Practical recommendations (quick checklist)​

  • For admins: inventory modem driver dependencies, confirm SSU prerequisites, coordinate OEM firmware updates, and stage pilot rings that include BitLocker and recovery scenarios.
  • For home users: check eligibility for ESU or LTSC, install the latest SSU and then KB5073724 via Windows Update or the Microsoft Update Catalog, and verify that your peripherals (especially old modems or fax devices) still work.
  • For imaging/provisioning teams: update recovery media and WinRE images to include the latest Safe OS bits and certificates to avoid restoring outdated signing chains.
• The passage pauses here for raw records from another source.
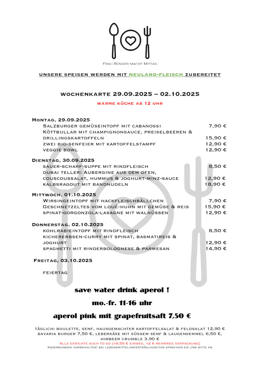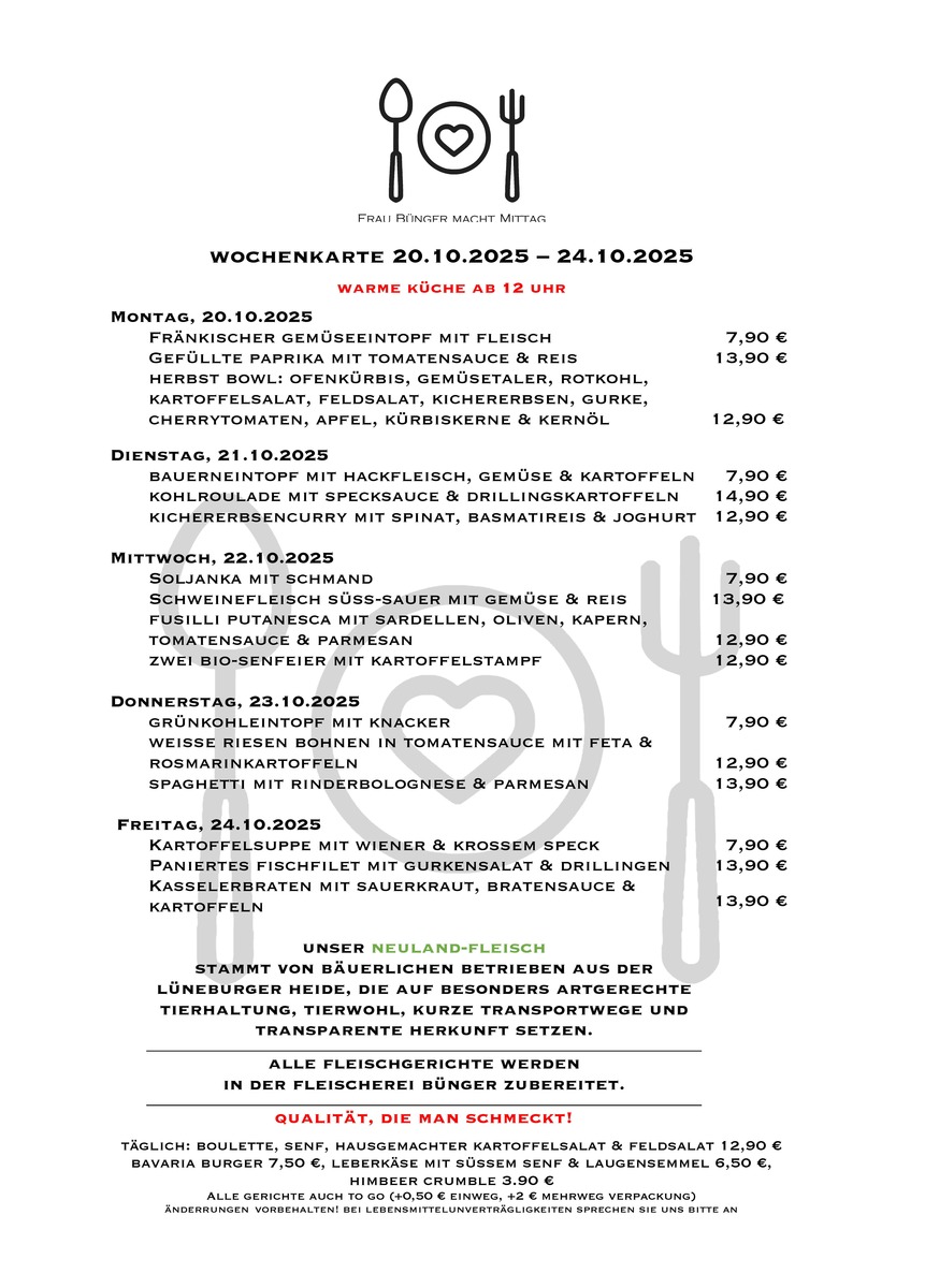 - täglich wechselnde Gerichte aus Neuland Fleisch (artgerechte Nutztierhaltung)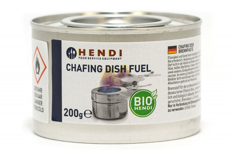 200 grams blikje voor chafing dish. Brandduur: ≈ 3 uur.
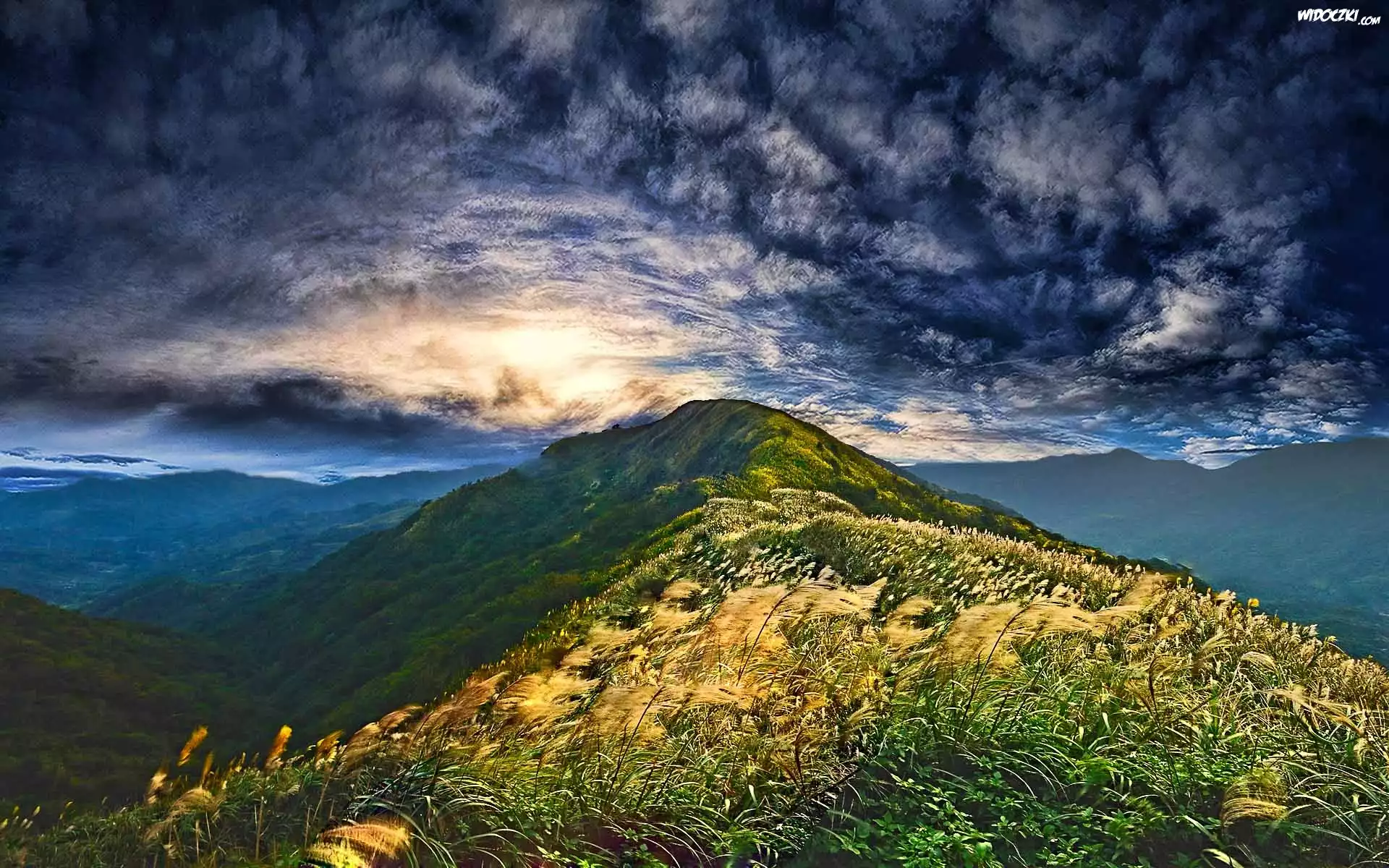 Zdjęcia, Wzgórza, Trawy, Chmury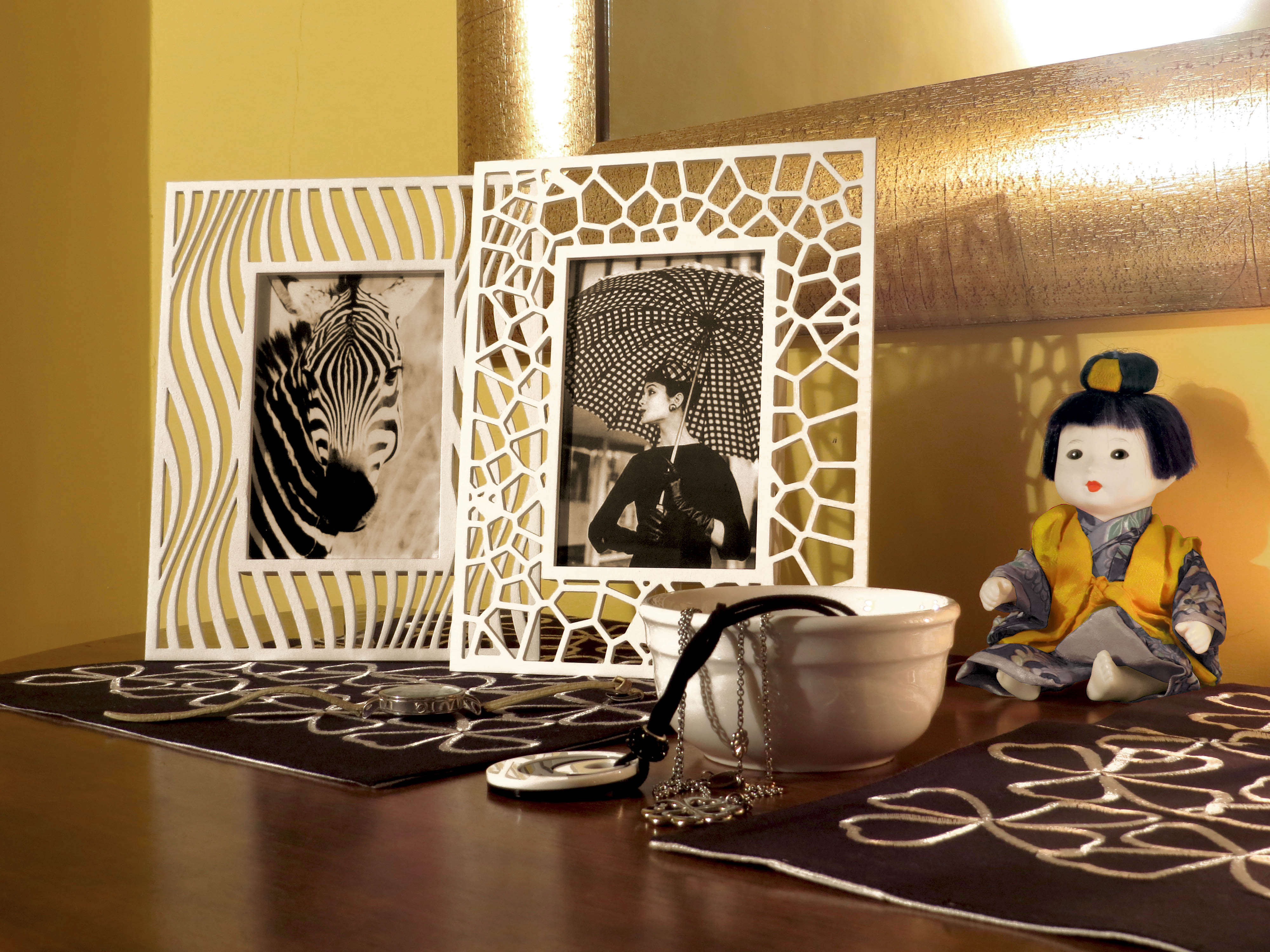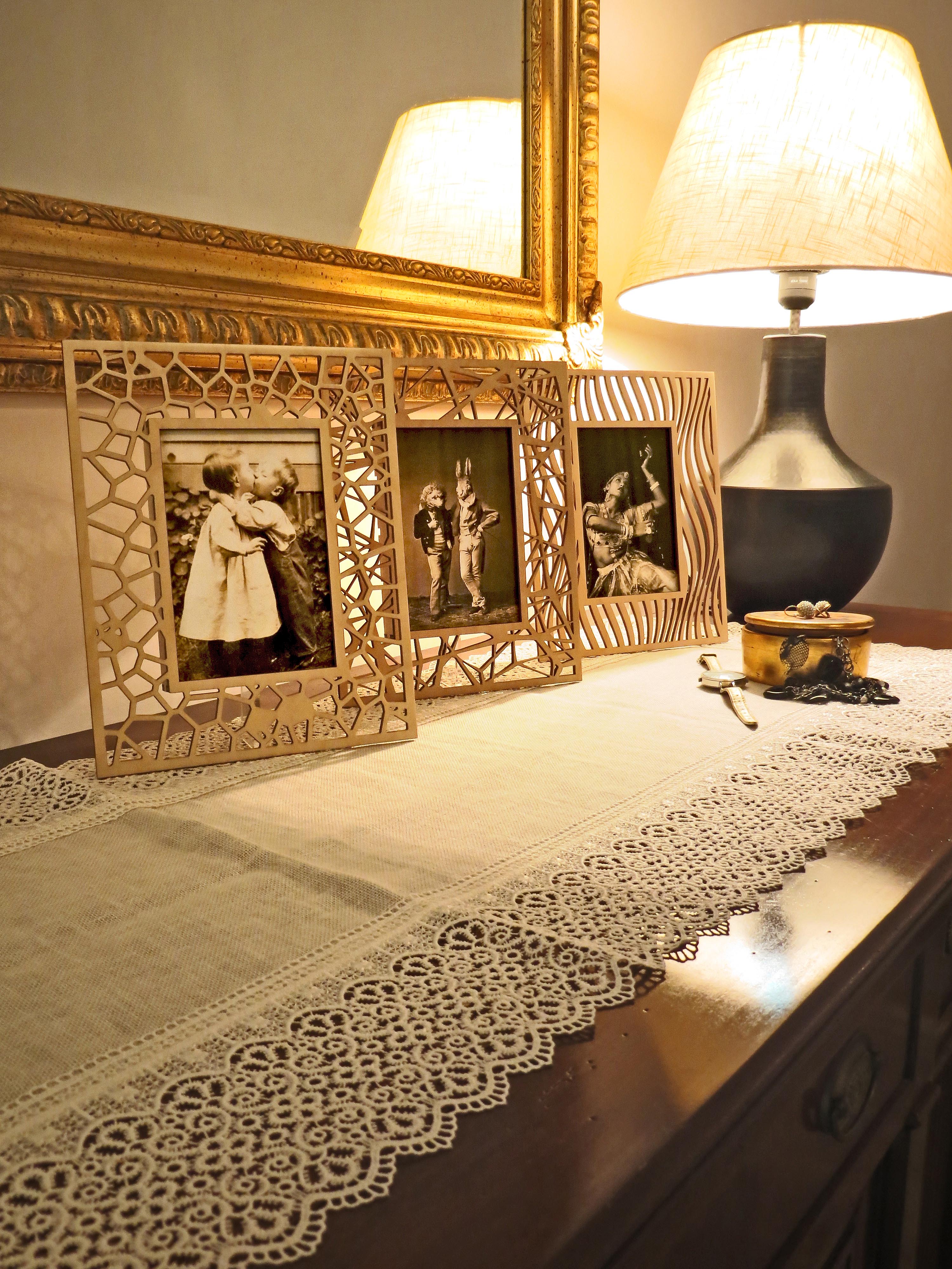 Frame “Pattern”, wood and methacrylate, various textures and finishes.
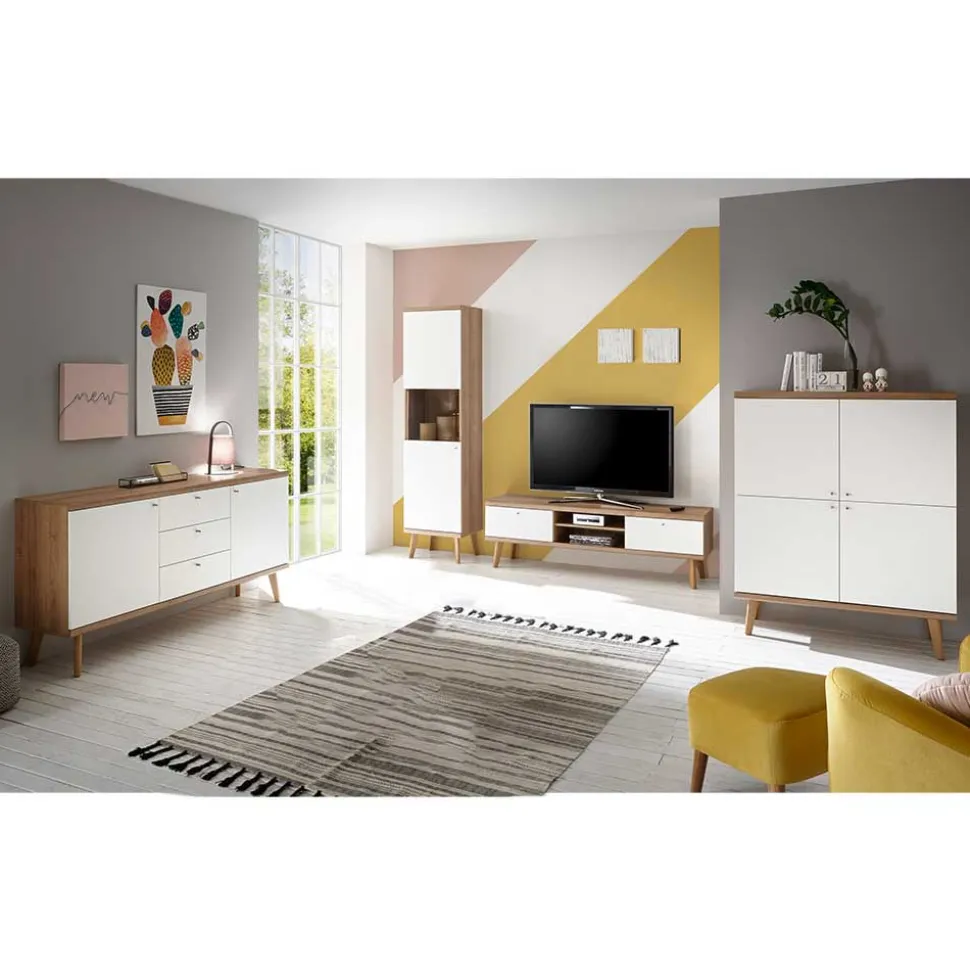 - Geschmackvolle Wohnkombination in Weiß und Eichefarben

Final analysis — strengths, risks, and what to watch next​

Strengths:
  • The update is proactive on two significant fronts: removing unmaintained kernel driver code and starting the proactive replacement of expiring Secure Boot certificates. Both moves reduce systemic risk in the medium term.
  • Bundling an updated WinSqlite3.dll addresses noisy false positives and improves endpoint scanning fidelity for many security stacks.
Risks:
  • Firmware and OEM variability remain the biggest unknown. Devices that cannot accept KEK/DB updates will lag in the certificate rollout and may need vendor intervention. Test coverage must therefore include representative OEM and firmware diversity.
  • Removing modem drivers creates immediate functional disruption for legacy hardware. Because the drivers are removed from the Windows image, recovering that functionality may require vendor drivers or hardware refreshes — not a simple uninstall/reinstall.
What to watch:
  • OEM advisories and BIOS/UEFI updates over the coming weeks for model-level guidance on certificate enrollment readiness.
  • Microsoft’s Release Health and Security Update Guide for any post-deployment known issues and exact CVE mappings. Cross-check vulnerability counts across multiple trackers before prioritizing.

KB5073724 is not a flashy feature pack — it’s an operational pivot. It closes urgent security holes, removes old kernel code, and begins a carefully staged process to replace expiring Secure Boot certificates that, if left unaddressed, could cause mass disruption later this year. For ESU and LTSC Windows 10 systems, the right approach is simple but deliberate: inventory, coordinate firmware updates, pilot KB5073724 in a targeted ring that reflects your environment’s hardware diversity, validate recovery and BitLocker flows, and then expand the rollout with active monitoring. Installations should be prioritized for externally exposed and high-value systems, but do not ignore the modem-driver and firmware compatibility risks: those will require hands-on remediation or vendor intervention.